EM: Comment suggérez-vous qu'un parent pense qu'on lui dise que son enfant répond aux critères d'un trouble mental ou d'un diagnostic de maladie mentale?

ST: Il est essentiel de comprendre qu'en psychiatrie, il n'existe pas de «diagnostic». Le diagnostic en médecine fait référence au processus de compréhension de la relation entre les symptômes d'une personne et les processus pathologiques sous-jacents. Le diagnostic est un processus technique dans lequel un médecin identifie une cause possible ou les causes des plaintes d'un patient. Faire le bon diagnostic en médecine est essentiel pour choisir le bon traitement.

En psychiatrie, nous avons un certain nombre de systèmes de classification des plaintes des gens, mais nous n'avons pas de diagnostic. Les classifications que nous utilisons sont descriptives (elles décrivent les problèmes du patient) mais pas diagnostiques (elles ne nous disent rien sur les causes possibles de ces problèmes) et donc ne facilitent pas la prise de décision pour le traitement et peuvent conduire à des résultats moins bons si les classifications sont utilisées si elles sont diagnostiques.

Considérez la comparaison suivante. Si, par exemple, je devais poser la question «qu'est-ce que le trouble déficitaire de l'attention avec hyperactivité (TDAH)?», Dans notre état actuel des connaissances, il n'est pas possible de répondre à cette question par référence à une anomalie biologique connue. Au lieu de cela, je devrai fournir une description, en d'autres termes le TDAH est la présence d'hyperactivité, d'impulsivité et de manque d'attention (plus quelques qualificatifs supplémentaires tels que l'âge d'apparition).

Comparez cela à la question «qu'est-ce que le diabète?» Si je répondais à cette question de la même manière que j'ai répondu à la question sur le TDAH, en décrivant simplement des symptômes comme uriner fréquemment, soif et fatigue. des problèmes profonds en tant que médecin, car il y a beaucoup d'autres conditions qui peuvent présenter initialement avec une image similaire et en effet le diabète lui-même peut ne pas présenter ces symptômes d'une manière reconnaissable.

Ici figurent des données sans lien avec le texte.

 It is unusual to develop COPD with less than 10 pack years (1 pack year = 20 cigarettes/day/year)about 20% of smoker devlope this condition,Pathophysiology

Pour répondre à la question «qu'est-ce que le diabète?», Je dois me référer à la cause biologique des anomalies du métabolisme du sucre. Ma tâche est alors de réaliser des tests biologiques (comme l'analyse du sang et / ou de l'urine pour les niveaux de glucose) qui me fournissent des données empiriques indépendantes de mon opinion subjective pour soutenir (ou non) mon hypothèse sur les causes possibles de le comportement du patient. Dans cette situation, mon diagnostic explique les comportements / symptômes décrits et est essentiel pour choisir le bon traitement.

En psychiatrie, ce que l'on appelle le «diagnostic» ne peut que décrire mais ne peut pas expliquer. Cela peut être illustré davantage en considérant ce qui se passe si nous essayons d'utiliser un diagnostic psychiatrique pour expliquer. Si, par exemple, on me demandait pourquoi un enfant en particulier ne peut pas se concentrer, est hyperactif et montre de l'impulsivité et que je devais répondre que c'est parce qu'il souffre de TDAH, une question légitime à se poser est: «Comment sais-tu que c'est parce que ils ont le TDAH? "La seule réponse que je peux donner est que je sais que c'est le TDAH parce que l'enfant présente une hyperactivité, une impulsivité et une mauvaise attention. Ainsi, nous nous retrouvons avec un argument circulaire où les comportements sont causés par les comportements. C'est un peu comme dire que mon mal de tête est causé par une douleur dans la tête.

Il est non seulement essentiel de comprendre qu'il n'existe pas de diagnostic en psychiatrie, mais il est également important de comprendre le problème de la «fiabilité» dans la classification psychiatrique. La «fiabilité» renvoie à la probabilité que différents médecins voyant la même personne avec la même description de leurs problèmes parviennent à la même conclusion quant à leur diagnostic / classification.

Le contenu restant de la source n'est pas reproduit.